** Task statement **
Among the records, which lines hold the word "Jarmark"? Pick them out.

** Input **
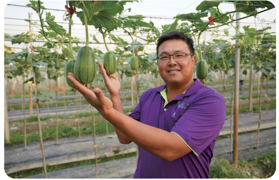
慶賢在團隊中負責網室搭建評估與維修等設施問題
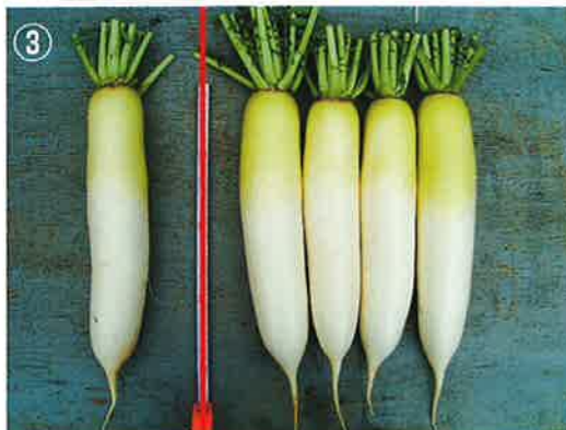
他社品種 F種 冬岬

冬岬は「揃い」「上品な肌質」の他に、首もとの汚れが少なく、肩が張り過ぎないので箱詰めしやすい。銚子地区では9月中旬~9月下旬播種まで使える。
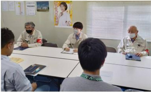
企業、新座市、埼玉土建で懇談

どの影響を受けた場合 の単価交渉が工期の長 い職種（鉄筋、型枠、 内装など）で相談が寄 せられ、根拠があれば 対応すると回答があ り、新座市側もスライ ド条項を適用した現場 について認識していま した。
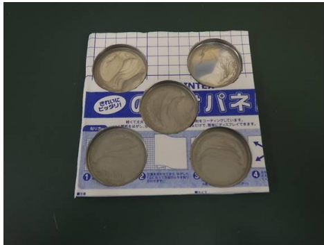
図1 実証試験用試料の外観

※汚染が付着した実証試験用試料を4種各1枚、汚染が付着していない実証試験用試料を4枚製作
--
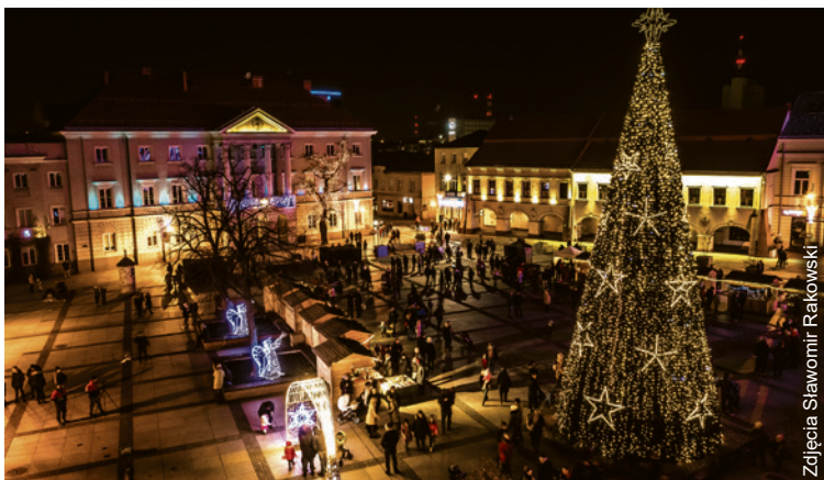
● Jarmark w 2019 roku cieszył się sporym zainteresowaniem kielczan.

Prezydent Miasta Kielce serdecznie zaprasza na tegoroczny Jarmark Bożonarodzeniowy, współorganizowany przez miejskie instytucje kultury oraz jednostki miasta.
--
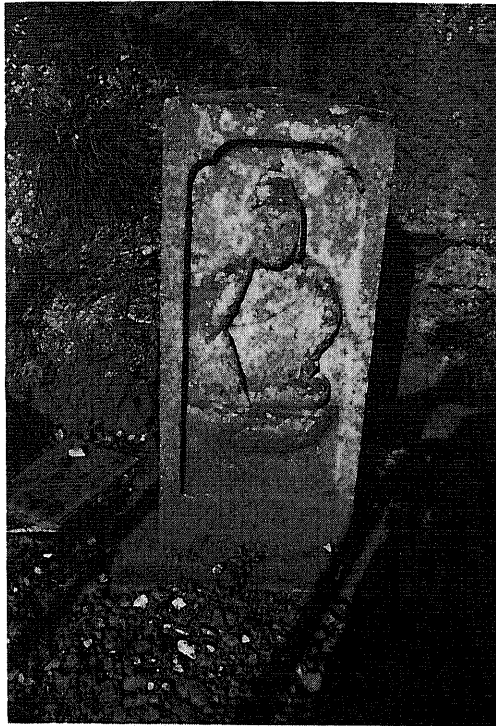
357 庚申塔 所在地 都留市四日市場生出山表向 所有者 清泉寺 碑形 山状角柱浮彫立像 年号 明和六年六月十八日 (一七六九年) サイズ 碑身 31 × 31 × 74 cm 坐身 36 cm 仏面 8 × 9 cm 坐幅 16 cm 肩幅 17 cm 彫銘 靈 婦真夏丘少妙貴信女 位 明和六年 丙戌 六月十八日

** Completed task **
● Jarmark w 2019 roku cieszył się sporym zainteresowaniem kielczan.
Prezydent Miasta Kielce serdecznie zaprasza na tegoroczny Jarmark Bożonarodzeniowy, współorganizowany przez miejskie instytucje kultury oraz jednostki miasta.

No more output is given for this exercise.